This work belongs to the thematic series of Spatio-temporal omics algorithms.
Figure: A. The spatio-temporal omics data processing flow. B. The EAGS method flow.
Download this GitHub repository, and extract the contents into a folder.
We provide a demo data data/demo.h5ad
that generated by ScDesign3. The high-resolved transcriptomics data that we used
can be downloaded from Zenodo (Mouse Olfactory Bulb: olfactory_bulb_correction_gmm.h5ad, Mouse Brain: SS200000141TL_B5_rawdata.h5ad, https://zenodo.org/record/7906815).

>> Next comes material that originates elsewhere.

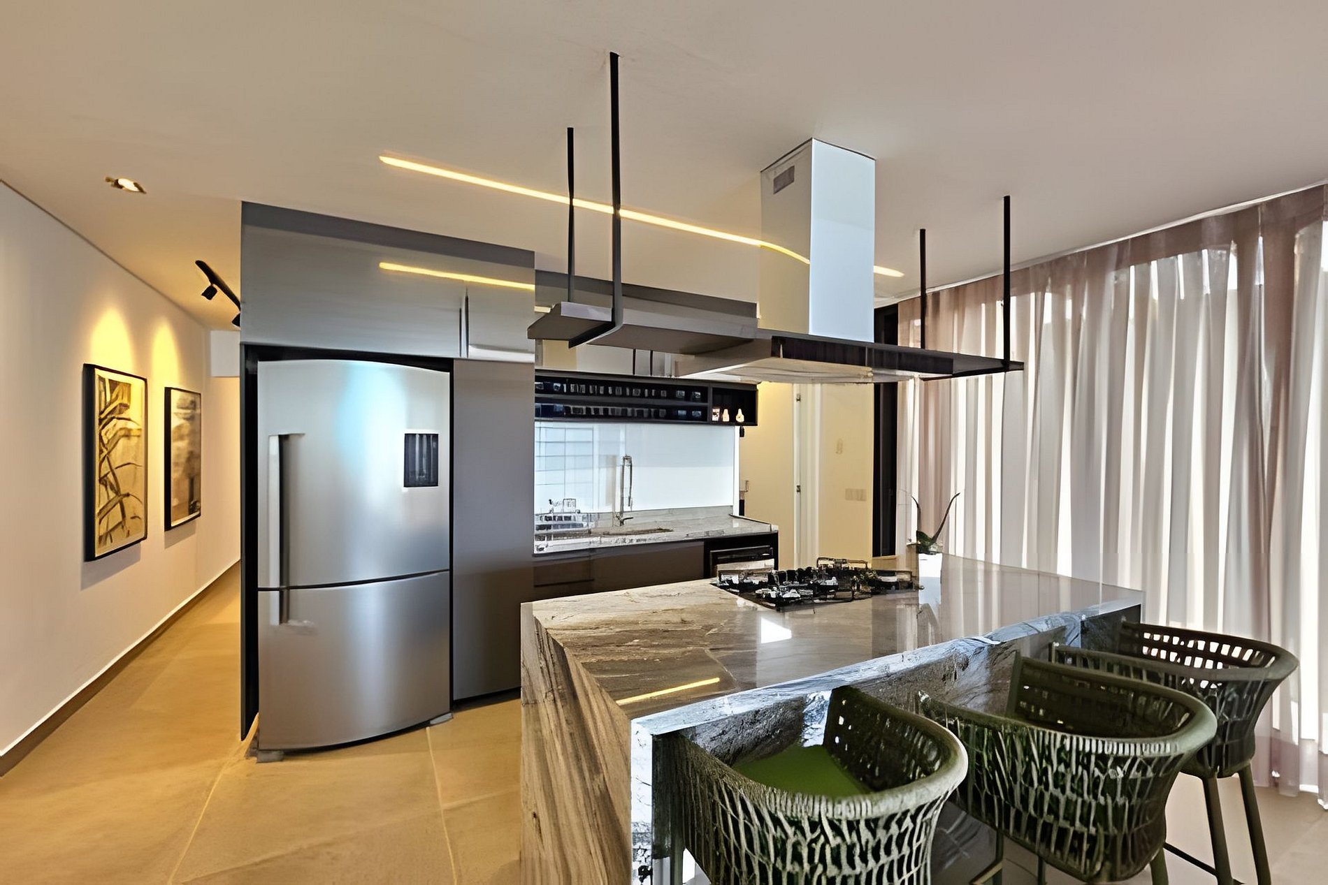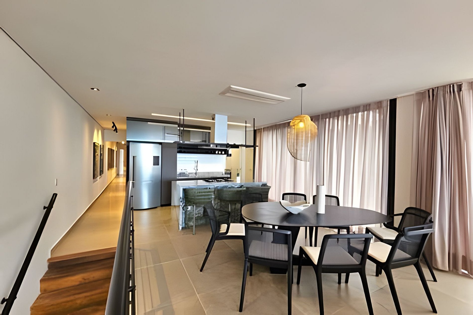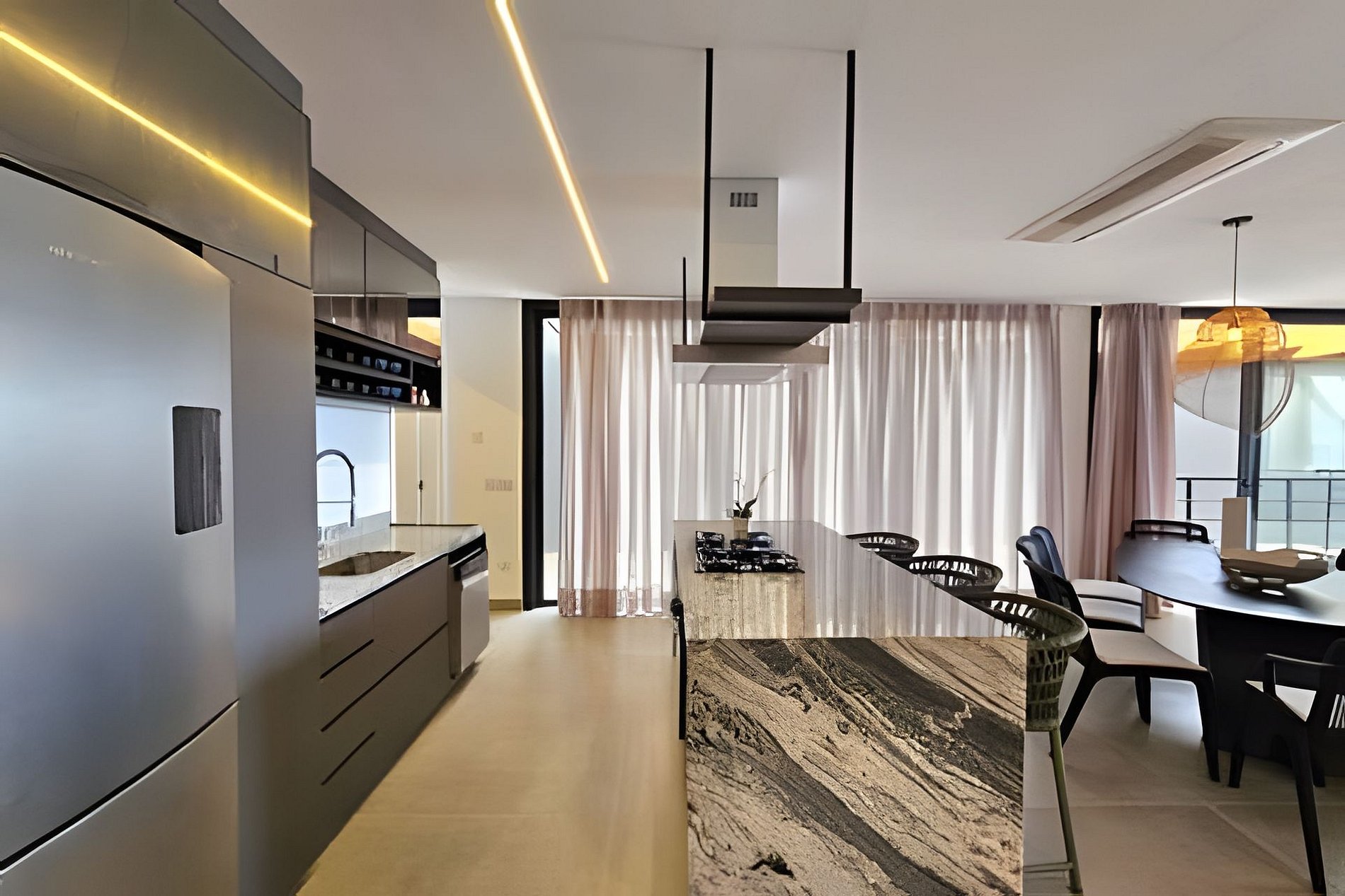 A sala de TV é integrada com a varanda gourmet e a piscina, criando um ambiente perfeito para relaxar e socializar. Aproveite o chuveirão com vista para o mar após um dia de praia.

### Python enviroment constructed by Conda
conda create -n EAGS python=3.8
conda activate EAGS
pip install -r requirements.txt
cd ./EAGS-main
# EAGS
python EAGS.py
--input data/demo.h5ad
--output data/demo_EAGS_smoothing.h5ad
--smooth_threshold 90
--a 1
--b 0
--n_comps 50
--n_neighbors 10
--normalize_zscore False
EAGS can also be performed directly without some parameter setting as:
# EAGS
cd ./EAGS-main
python EAGS.py
--input data/demo.h5ad
--output data/demo_EAGS_smoothing.h5ad
# Conda Terminal
pip install EAGS
# python Console
from EAGS import *
import scanpy as sc
adata = sc.read_h5ad('data/demo.h5ad')
result = gaussian_smooth_adaptively(adata = adata)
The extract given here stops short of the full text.